## Your goal
Down to the final line, write out the material beneath exactly, without pictures.

## Supplied records
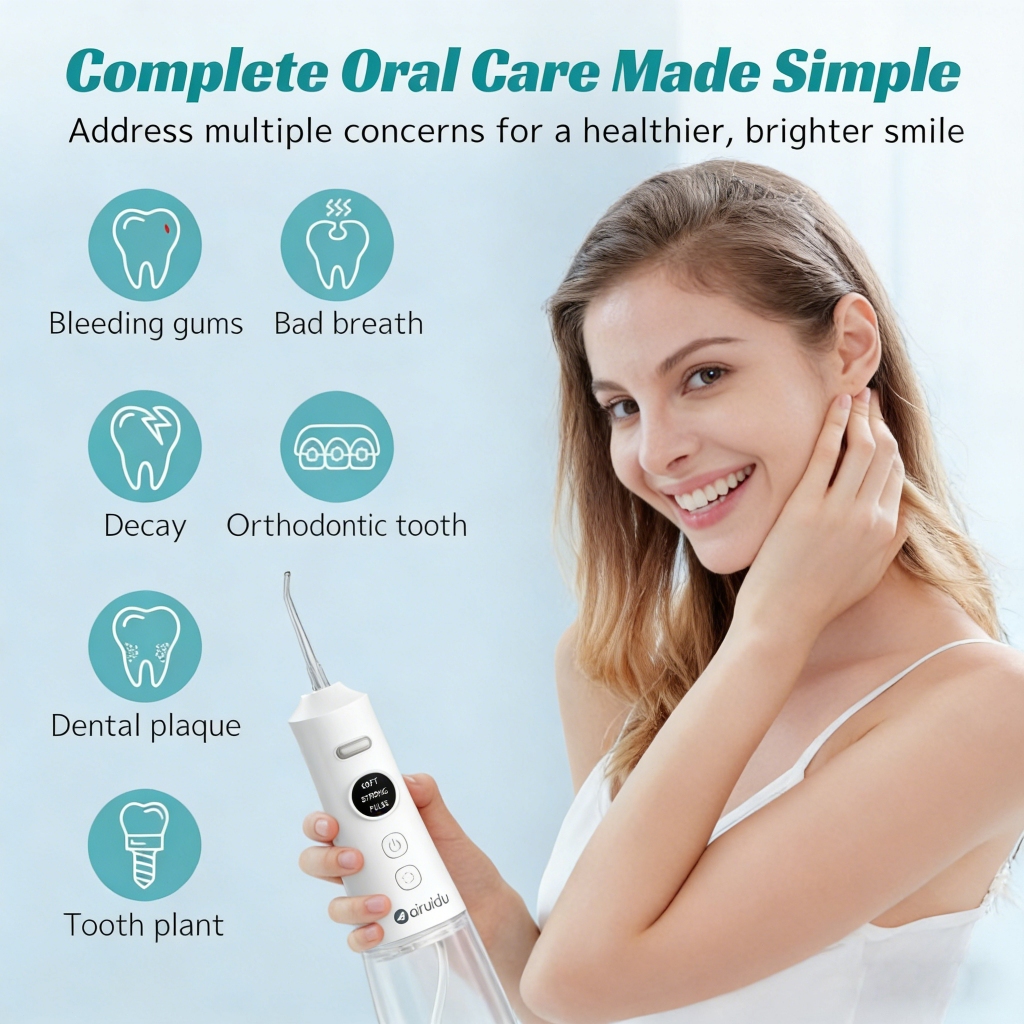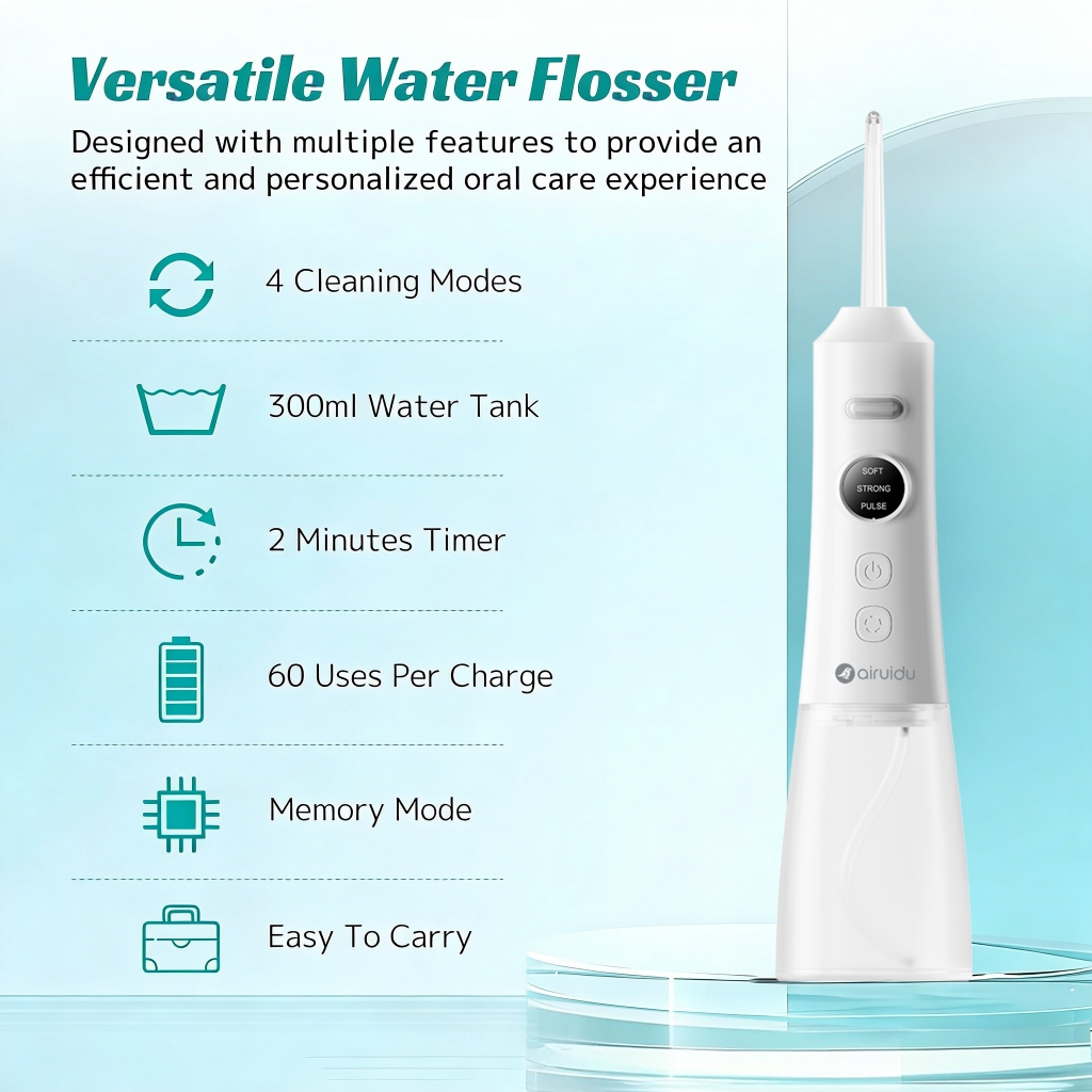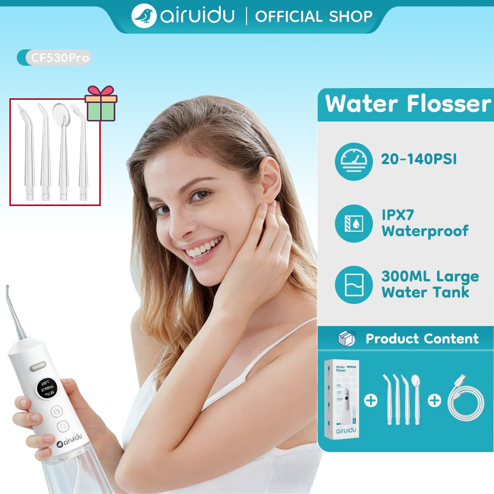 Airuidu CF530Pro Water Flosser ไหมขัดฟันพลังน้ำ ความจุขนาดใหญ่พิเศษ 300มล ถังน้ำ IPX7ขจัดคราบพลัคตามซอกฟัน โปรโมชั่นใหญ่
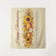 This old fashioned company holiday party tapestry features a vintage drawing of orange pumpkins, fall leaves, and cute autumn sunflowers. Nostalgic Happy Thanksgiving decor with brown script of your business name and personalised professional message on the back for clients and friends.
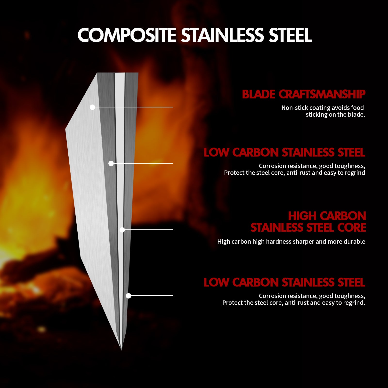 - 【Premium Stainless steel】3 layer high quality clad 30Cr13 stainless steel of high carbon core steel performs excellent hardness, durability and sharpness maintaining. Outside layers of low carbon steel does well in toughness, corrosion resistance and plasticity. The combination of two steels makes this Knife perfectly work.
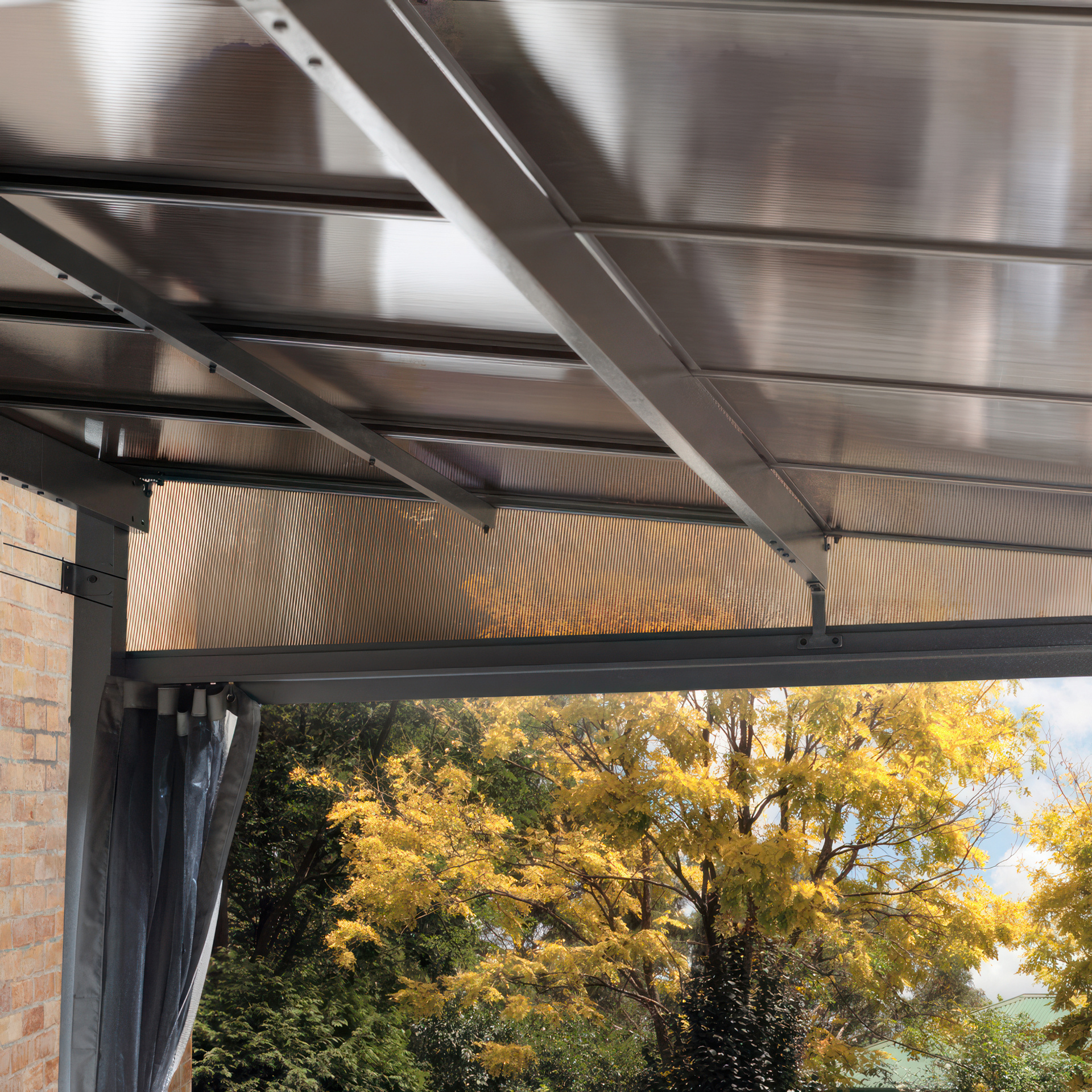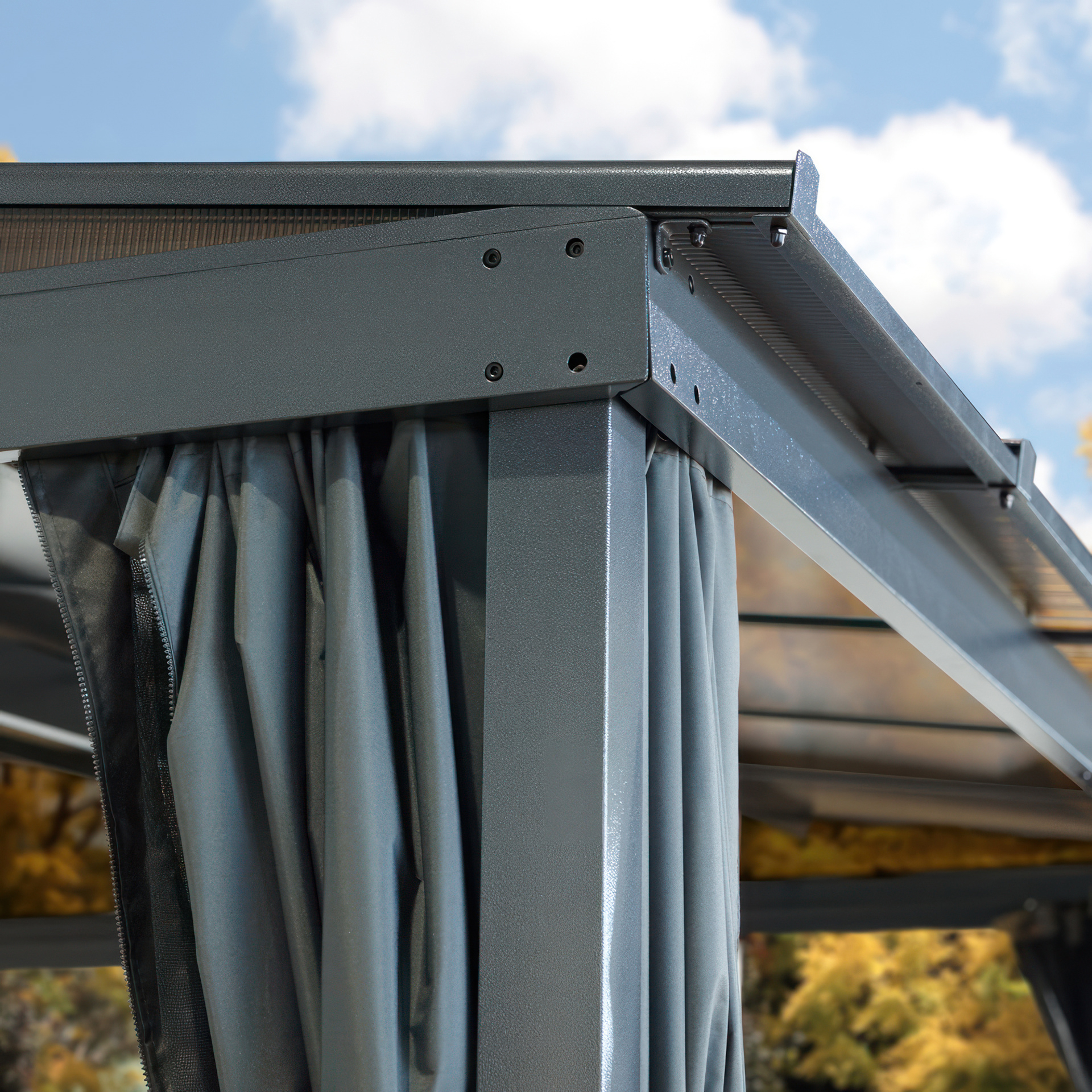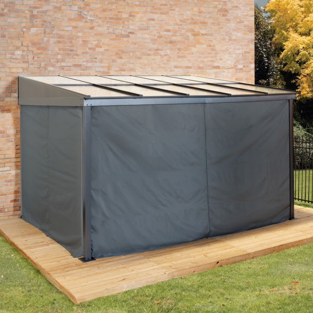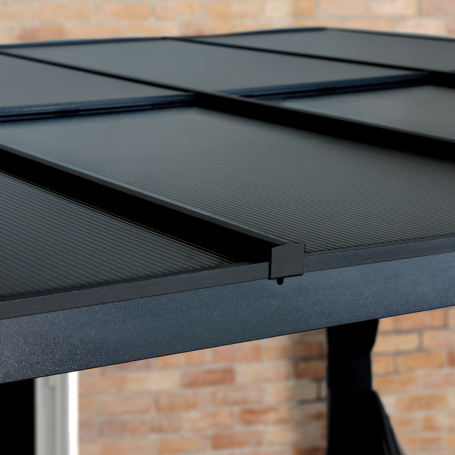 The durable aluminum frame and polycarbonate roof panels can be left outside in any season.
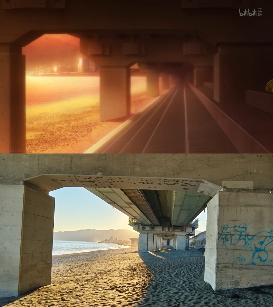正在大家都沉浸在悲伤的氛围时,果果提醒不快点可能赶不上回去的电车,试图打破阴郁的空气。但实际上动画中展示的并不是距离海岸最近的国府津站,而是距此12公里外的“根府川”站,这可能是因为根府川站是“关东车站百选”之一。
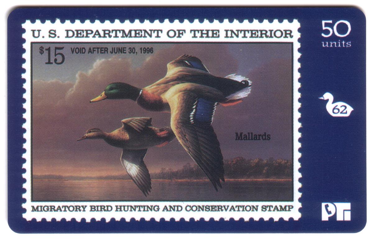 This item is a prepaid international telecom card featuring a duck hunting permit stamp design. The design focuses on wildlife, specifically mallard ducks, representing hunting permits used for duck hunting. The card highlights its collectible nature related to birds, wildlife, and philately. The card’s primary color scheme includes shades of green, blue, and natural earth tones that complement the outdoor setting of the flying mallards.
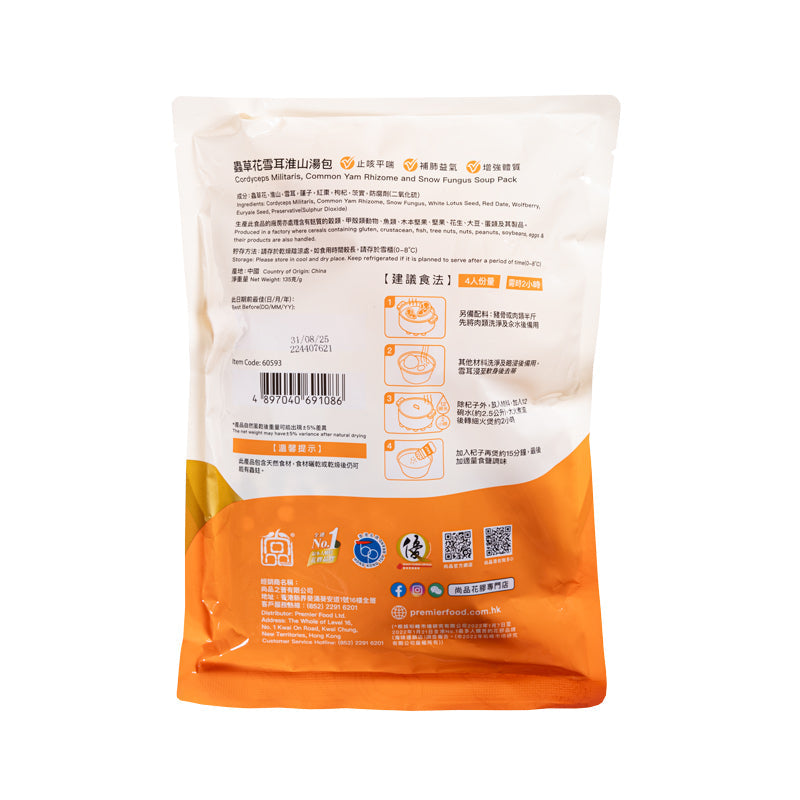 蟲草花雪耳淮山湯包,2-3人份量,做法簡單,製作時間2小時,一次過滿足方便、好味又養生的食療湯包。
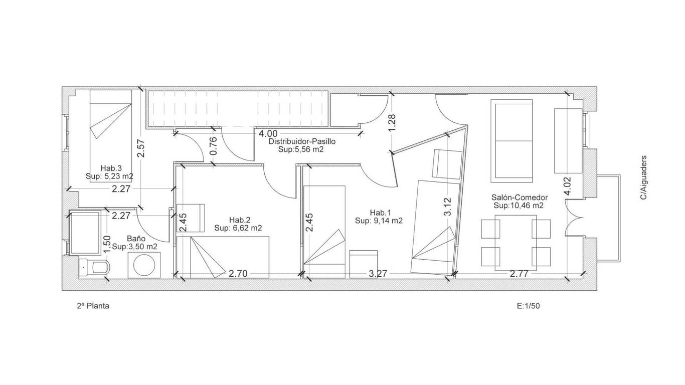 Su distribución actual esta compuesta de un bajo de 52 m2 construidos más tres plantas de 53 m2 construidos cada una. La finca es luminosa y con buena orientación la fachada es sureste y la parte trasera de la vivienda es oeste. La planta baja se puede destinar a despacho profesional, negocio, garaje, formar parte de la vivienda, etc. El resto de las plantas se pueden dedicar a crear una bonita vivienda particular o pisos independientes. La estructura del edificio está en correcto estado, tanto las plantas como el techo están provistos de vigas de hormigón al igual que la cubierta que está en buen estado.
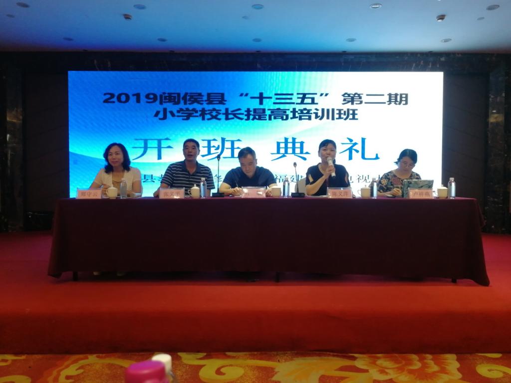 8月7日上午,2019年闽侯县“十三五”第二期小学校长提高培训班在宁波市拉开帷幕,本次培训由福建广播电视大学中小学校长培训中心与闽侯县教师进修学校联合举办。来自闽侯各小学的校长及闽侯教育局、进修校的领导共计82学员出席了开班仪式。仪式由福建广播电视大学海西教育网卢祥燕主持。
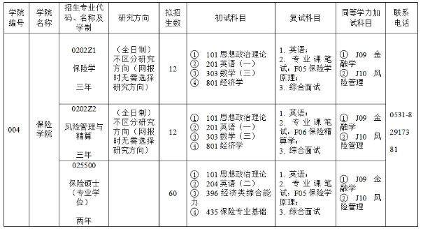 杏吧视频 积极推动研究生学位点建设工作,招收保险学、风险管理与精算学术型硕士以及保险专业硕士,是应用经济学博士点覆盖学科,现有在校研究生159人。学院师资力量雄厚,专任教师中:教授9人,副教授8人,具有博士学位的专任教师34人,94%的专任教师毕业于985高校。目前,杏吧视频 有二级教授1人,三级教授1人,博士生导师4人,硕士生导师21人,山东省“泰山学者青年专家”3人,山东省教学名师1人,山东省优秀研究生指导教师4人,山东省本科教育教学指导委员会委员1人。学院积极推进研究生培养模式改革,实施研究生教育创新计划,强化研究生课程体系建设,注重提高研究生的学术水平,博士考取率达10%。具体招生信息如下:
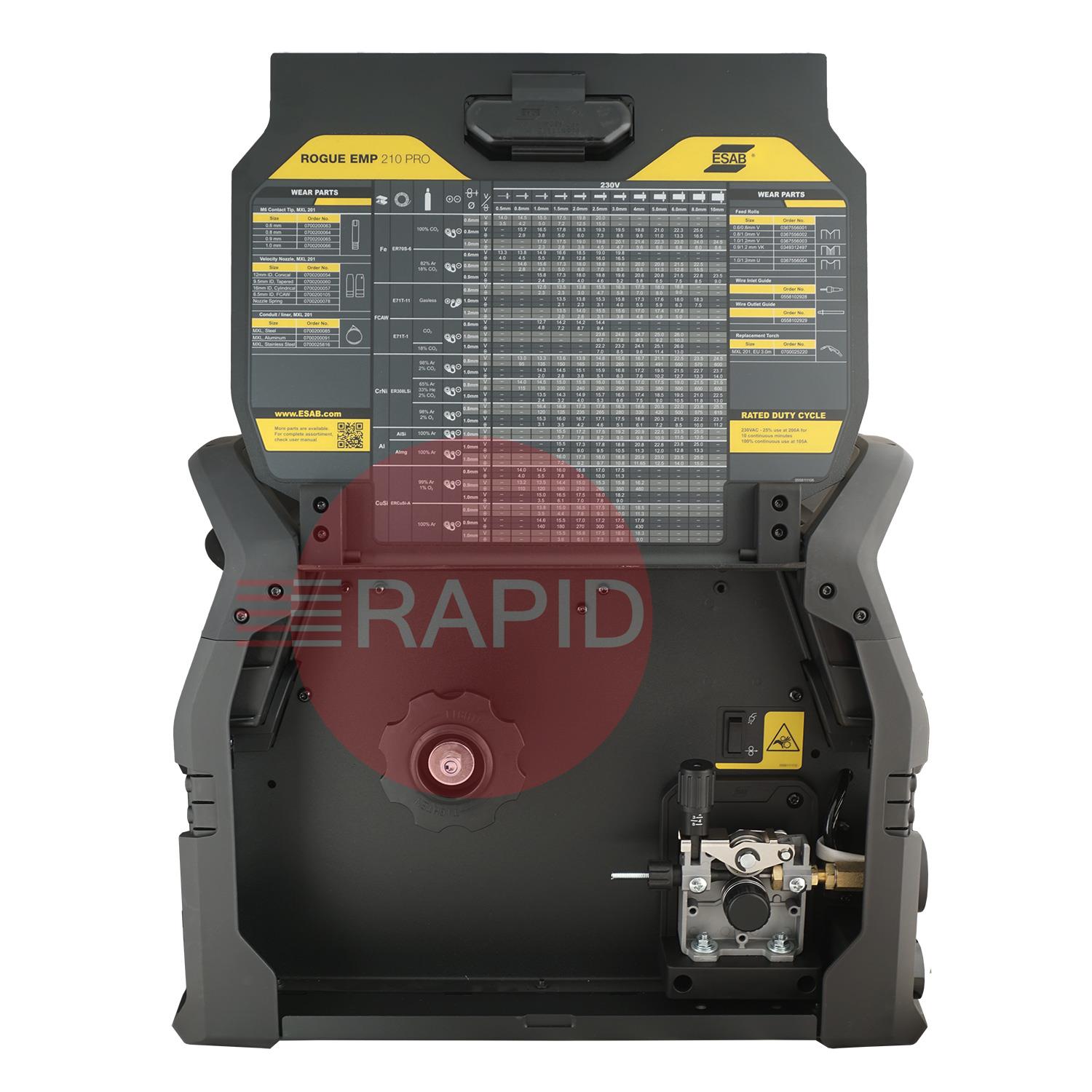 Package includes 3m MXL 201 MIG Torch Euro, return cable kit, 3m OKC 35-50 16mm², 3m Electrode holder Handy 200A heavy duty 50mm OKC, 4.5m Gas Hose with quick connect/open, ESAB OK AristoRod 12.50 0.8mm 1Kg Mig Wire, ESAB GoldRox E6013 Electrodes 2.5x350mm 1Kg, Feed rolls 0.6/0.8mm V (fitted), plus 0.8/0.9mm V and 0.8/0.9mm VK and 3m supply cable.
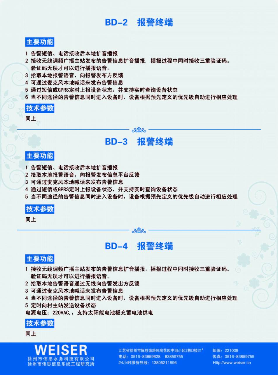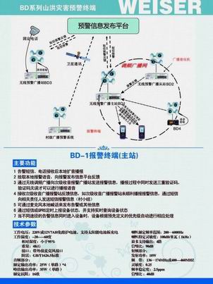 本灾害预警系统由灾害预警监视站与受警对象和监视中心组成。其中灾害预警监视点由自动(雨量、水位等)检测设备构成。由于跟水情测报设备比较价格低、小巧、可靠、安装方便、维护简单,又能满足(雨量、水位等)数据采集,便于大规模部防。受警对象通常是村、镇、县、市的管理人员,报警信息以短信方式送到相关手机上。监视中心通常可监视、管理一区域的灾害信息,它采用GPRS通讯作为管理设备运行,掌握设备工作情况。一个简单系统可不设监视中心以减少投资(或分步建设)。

## Answer to the problem
 Airuidu CF530Pro Water Flosser ไหมขัดฟันพลังน้ำ ความจุขนาดใหญ่พิเศษ 300มล ถังน้ำ IPX7ขจัดคราบพลัคตามซอกฟัน โปรโมชั่นใหญ่
 This old fashioned company holiday party tapestry features a vintage drawing of orange pumpkins, fall leaves, and cute autumn sunflowers. Nostalgic Happy Thanksgiving decor with brown script of your business name and personalised professional message on the back for clients and friends.
 - 【Premium Stainless steel】3 layer high quality clad 30Cr13 stainless steel of high carbon core steel performs excellent hardness, durability and sharpness maintaining. Outside layers of low carbon steel does well in toughness, corrosion resistance and plasticity. The combination of two steels makes this Knife perfectly work.
 The durable aluminum frame and polycarbonate roof panels can be left outside in any season.
正在大家都沉浸在悲伤的氛围时,果果提醒不快点可能赶不上回去的电车,试图打破阴郁的空气。但实际上动画中展示的并不是距离海岸最近的国府津站,而是距此12公里外的“根府川”站,这可能是因为根府川站是“关东车站百选”之一。
 This item is a prepaid international telecom card featuring a duck hunting permit stamp design. The design focuses on wildlife, specifically mallard ducks, representing hunting permits used for duck hunting. The card highlights its collectible nature related to birds, wildlife, and philately. The card’s primary color scheme includes shades of green, blue, and natural earth tones that complement the outdoor setting of the flying mallards.
 蟲草花雪耳淮山湯包,2-3人份量,做法簡單,製作時間2小時,一次過滿足方便、好味又養生的食療湯包。
 Su distribución actual esta compuesta de un bajo de 52 m2 construidos más tres plantas de 53 m2 construidos cada una. La finca es luminosa y con buena orientación la fachada es sureste y la parte trasera de la vivienda es oeste. La planta baja se puede destinar a despacho profesional, negocio, garaje, formar parte de la vivienda, etc. El resto de las plantas se pueden dedicar a crear una bonita vivienda particular o pisos independientes. La estructura del edificio está en correcto estado, tanto las plantas como el techo están provistos de vigas de hormigón al igual que la cubierta que está en buen estado.
 8月7日上午,2019年闽侯县“十三五”第二期小学校长提高培训班在宁波市拉开帷幕,本次培训由福建广播电视大学中小学校长培训中心与闽侯县教师进修学校联合举办。来自闽侯各小学的校长及闽侯教育局、进修校的领导共计82学员出席了开班仪式。仪式由福建广播电视大学海西教育网卢祥燕主持。
 杏吧视频 积极推动研究生学位点建设工作,招收保险学、风险管理与精算学术型硕士以及保险专业硕士,是应用经济学博士点覆盖学科,现有在校研究生159人。学院师资力量雄厚,专任教师中:教授9人,副教授8人,具有博士学位的专任教师34人,94%的专任教师毕业于985高校。目前,杏吧视频 有二级教授1人,三级教授1人,博士生导师4人,硕士生导师21人,山东省“泰山学者青年专家”3人,山东省教学名师1人,山东省优秀研究生指导教师4人,山东省本科教育教学指导委员会委员1人。学院积极推进研究生培养模式改革,实施研究生教育创新计划,强化研究生课程体系建设,注重提高研究生的学术水平,博士考取率达10%。具体招生信息如下:
 Package includes 3m MXL 201 MIG Torch Euro, return cable kit, 3m OKC 35-50 16mm², 3m Electrode holder Handy 200A heavy duty 50mm OKC, 4.5m Gas Hose with quick connect/open, ESAB OK AristoRod 12.50 0.8mm 1Kg Mig Wire, ESAB GoldRox E6013 Electrodes 2.5x350mm 1Kg, Feed rolls 0.6/0.8mm V (fitted), plus 0.8/0.9mm V and 0.8/0.9mm VK and 3m supply cable.
 本灾害预警系统由灾害预警监视站与受警对象和监视中心组成。其中灾害预警监视点由自动(雨量、水位等)检测设备构成。由于跟水情测报设备比较价格低、小巧、可靠、安装方便、维护简单,又能满足(雨量、水位等)数据采集,便于大规模部防。受警对象通常是村、镇、县、市的管理人员,报警信息以短信方式送到相关手机上。监视中心通常可监视、管理一区域的灾害信息,它采用GPRS通讯作为管理设备运行,掌握设备工作情况。一个简单系统可不设监视中心以减少投资(或分步建设)。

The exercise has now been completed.